Si poteva usare qualsiasi cosa come arma: sacchi di cemento, secchi, pietre, bastoni, bottiglie, coltelli, molotov, e soprattutto un fantastico fucile a pompa, l'unica arma da fuoco presente solo in un preciso posto di un preciso livello, e che era mia per diritto quando giocavamo in copia, avevo deciso così io, e giocavo quasi solo per sparare con quel fucilone che catapultava all'indietro i nemici.
Ma torniamo al nostro Alien Storm senza divagare oltre, cosa che purtroppo mi riesce fin troppo bene.

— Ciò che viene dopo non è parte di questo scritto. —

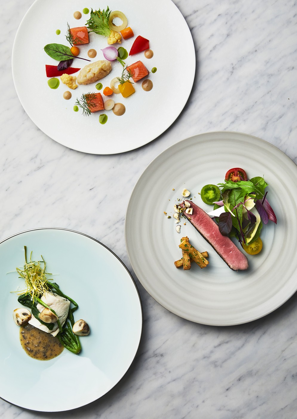 調理風景やシェフのポートレートは、リアリティが伝わるように大胆な色彩加工を施し、厨房内の臨場感を演出しました。
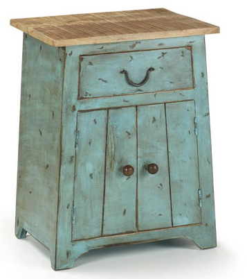 50x66 unique bedside cabinet in turquoise wood with natural wood top ***IN STOCK***

Si trattava dunque di un gioco perfettamente coerente con i gusti e le mode del periodo, che vide l'affermazione tra la fine degli anni '80 e i primi anni '90 di numerosi franchise e serie di videogiochi tutti sostanzialmente identici nel gameplay e con solo piccole variazioni nei personaggi e nell'ambientazione: Final Fight, Streets of Rage, Altered Beast, Golden Axe, tutti cloni l'uno dell'altro, amatissimi dai videogiocatori ma pur sempre prodotti che non portavano grandi novità al genere, anzi tendevano a spremerlo fino all'ultima goccia cavalcando la moda del periodo.
Alien Storm non rientra in questi franchise di successo, è un gioco poco conosciuto che finì ben presto per smarrirsi nel panorama affollato degli sparatutto a scorrimento orizzontale dei primi anni '90, pur presentando delle caratteristiche uniche, innovative e perfettamente integrate nel gameplay;
è proprio per questo motivo che ho deciso di parlarne oggi, per salvare dall'anonimato un prodotto che - pur staccandosi parzialmente da quel filone ormai spremuto e prossimo all'estizione - venne presto dimenticato senza che gli venissero riconosciuti i giusti meriti, dinamica purtroppo ricorrente nella storia dei videogiochi.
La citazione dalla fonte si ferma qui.